To understand better, let’s study them in detail:

– Data received and replicated

In this process, data gets replicated on one of the other nodes. So that if any failure occurs we can retrieve the data for further use.

– Data received but buffered for replication

In this process, there is no replicated data. The only way to recover it, by getting it again from the source.

Apache Mesos (Cluster Manager) creates or maintains the backup masters in spark. Hence, that helps spark becoming the master fault tolerant.

Mesos is an open source software works between an application layer and operating system. It helps to manage applications in the large clustered environment.

Fault Tolerance in Spark – Apache Spark High Availability

If downtime of any system is tolerable that system is highly available. There is no system with its downtime is zero, so it is an imaginary term for any system. We can say, any machine has an uptime of 97.7% so, the probability of its downtime will be 0.023.

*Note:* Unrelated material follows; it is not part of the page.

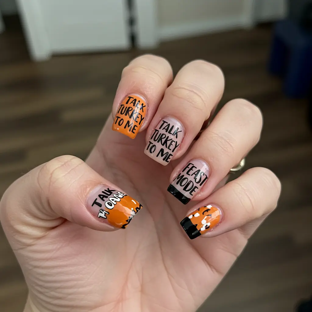 Festive Perks: Lets your nails do the talking with a dose of Thanksgiving humor.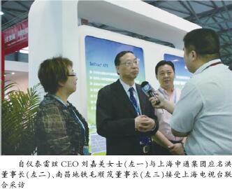 本次展會期間,上海電氣(集團)總公司副總裁、自儀股份董事長、TST(自儀泰雷茲)懂事長徐子瑛女士親自接待了南昌地鐵毛順茂董事長一行,并進行了卓有成效的溝通與交流。各級領(lǐng)導(dǎo)、眾多客戶以及業(yè)內(nèi)專家等紛紛參觀了公司展臺。上海申通集團應(yīng)名洪董事長、中國軌道交通協(xié)會包敘定會長、中國工程院劉建航院士等貴賓親臨TST展臺指導(dǎo)、交流,自儀泰雷茲CEO劉嘉美女士、上海申通集團應(yīng)董事長、南昌地鐵集團毛董事長在TST展臺前接受了上海電視臺新聞頻道聯(lián)合采訪,公司CTO Mario先生接受了上海電視臺外語頻道專訪。包括解放日報、新民晚報等在內(nèi)的多家媒體對公司進行了多種形式的報道。

Similarly, if we have three systems simultaneously downtime of those systems will be (0.023*0.023*0.023), that is 0.000012167. By this order, uptime of the system will be 99.99. Which is highly acceptable uptime guarantee.

Conclusion

Hence, we have seen that spark RRDs are fault tolerant in nature. So, they track operations to rebuild the lost data at the time of failures. Also, spark’s fault tolerance property of  RDD enhances the efficiency and we can recover lost data by redundant data.

As a result, in case of any failure, there is no need to restart the application from scratch. It also helps in building the performance of the system.